**WHAT NEEDS TO BE DONE:**
Only the lines below from the one with "5月12日上午,北川各界群眾" through the one with "Ogród spotkań międzypokoleniowych" are to be written out, exactly and without any images.

START INFORMATION SHOWN

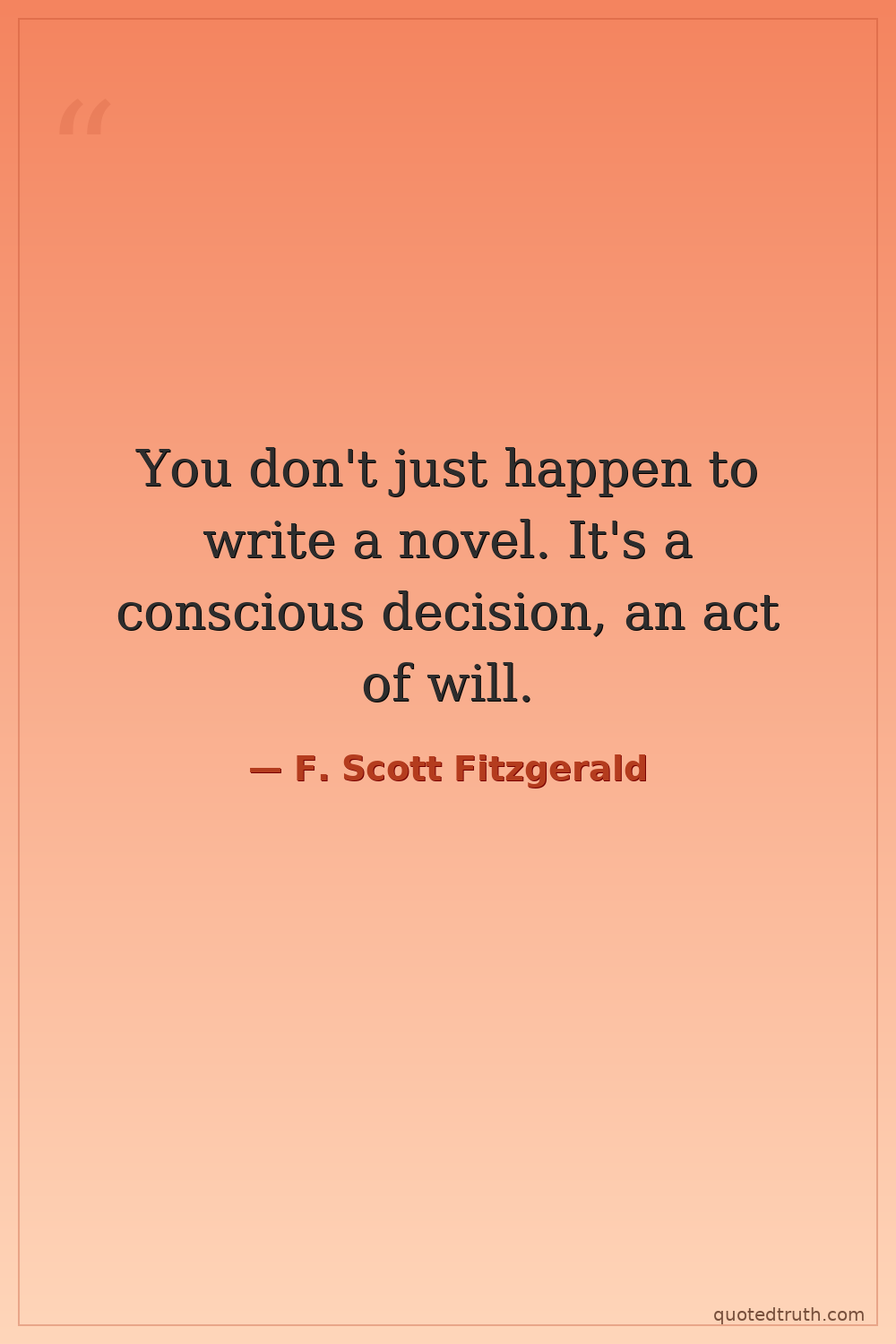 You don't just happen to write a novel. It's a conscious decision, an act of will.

END INFORMATION SHOWN
START INFORMATION SHOWN

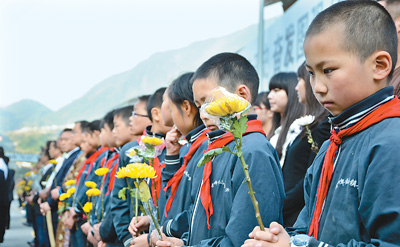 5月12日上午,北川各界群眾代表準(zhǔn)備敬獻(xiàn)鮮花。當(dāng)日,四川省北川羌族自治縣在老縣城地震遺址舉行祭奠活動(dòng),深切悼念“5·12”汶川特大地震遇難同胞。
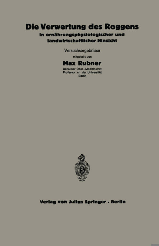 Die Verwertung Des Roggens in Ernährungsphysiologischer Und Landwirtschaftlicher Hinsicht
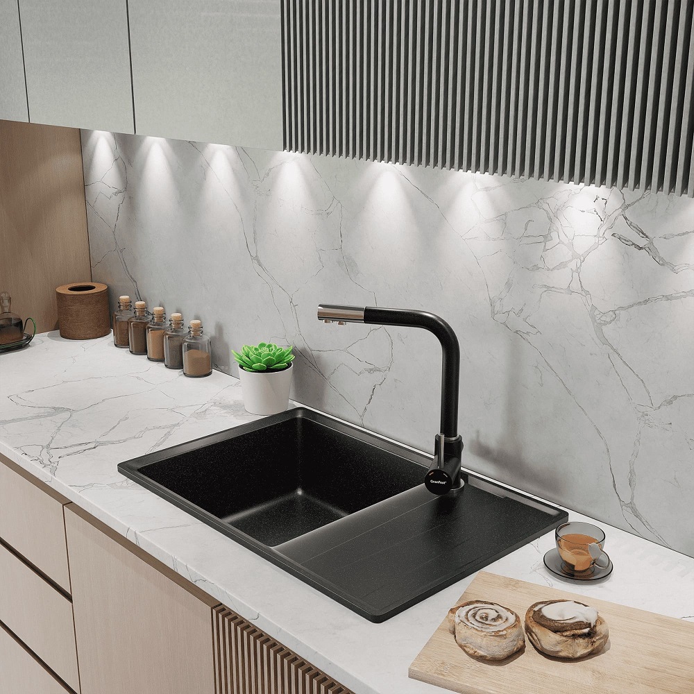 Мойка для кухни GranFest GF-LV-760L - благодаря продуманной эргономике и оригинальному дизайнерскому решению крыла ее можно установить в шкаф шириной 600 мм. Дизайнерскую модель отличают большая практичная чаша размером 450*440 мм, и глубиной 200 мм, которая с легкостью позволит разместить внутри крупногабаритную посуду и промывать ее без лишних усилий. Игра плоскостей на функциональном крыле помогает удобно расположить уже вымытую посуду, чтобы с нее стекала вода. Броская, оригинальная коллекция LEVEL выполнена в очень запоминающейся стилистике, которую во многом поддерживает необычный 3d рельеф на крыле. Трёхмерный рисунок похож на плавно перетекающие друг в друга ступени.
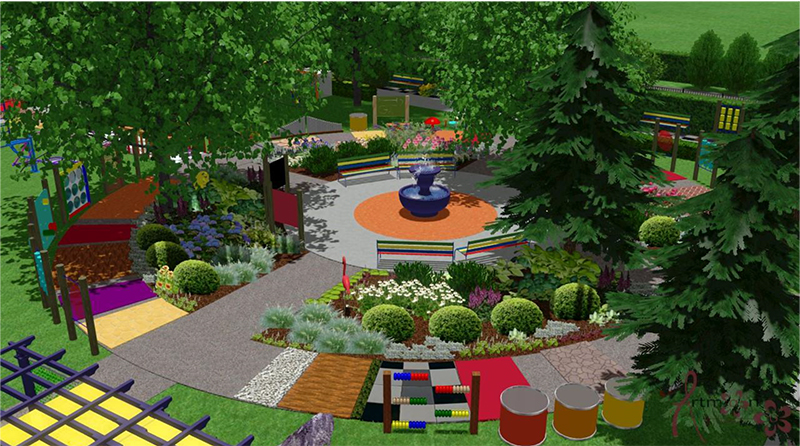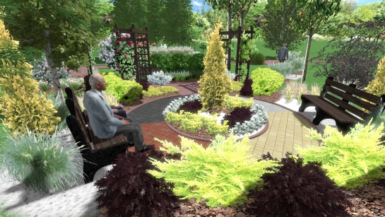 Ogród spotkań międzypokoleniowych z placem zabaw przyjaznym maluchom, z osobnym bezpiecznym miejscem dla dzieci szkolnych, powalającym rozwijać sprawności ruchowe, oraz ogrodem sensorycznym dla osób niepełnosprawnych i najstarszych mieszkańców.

END INFORMATION SHOWN

**TASK RESPONSE:**
 5月12日上午,北川各界群眾代表準(zhǔn)備敬獻(xiàn)鮮花。當(dāng)日,四川省北川羌族自治縣在老縣城地震遺址舉行祭奠活動(dòng),深切悼念“5·12”汶川特大地震遇難同胞。
 Die Verwertung Des Roggens in Ernährungsphysiologischer Und Landwirtschaftlicher Hinsicht
 Мойка для кухни GranFest GF-LV-760L - благодаря продуманной эргономике и оригинальному дизайнерскому решению крыла ее можно установить в шкаф шириной 600 мм. Дизайнерскую модель отличают большая практичная чаша размером 450*440 мм, и глубиной 200 мм, которая с легкостью позволит разместить внутри крупногабаритную посуду и промывать ее без лишних усилий. Игра плоскостей на функциональном крыле помогает удобно расположить уже вымытую посуду, чтобы с нее стекала вода. Броская, оригинальная коллекция LEVEL выполнена в очень запоминающейся стилистике, которую во многом поддерживает необычный 3d рельеф на крыле. Трёхмерный рисунок похож на плавно перетекающие друг в друга ступени.
 Ogród spotkań międzypokoleniowych z placem zabaw przyjaznym maluchom, z osobnym bezpiecznym miejscem dla dzieci szkolnych, powalającym rozwijać sprawności ruchowe, oraz ogrodem sensorycznym dla osób niepełnosprawnych i najstarszych mieszkańców.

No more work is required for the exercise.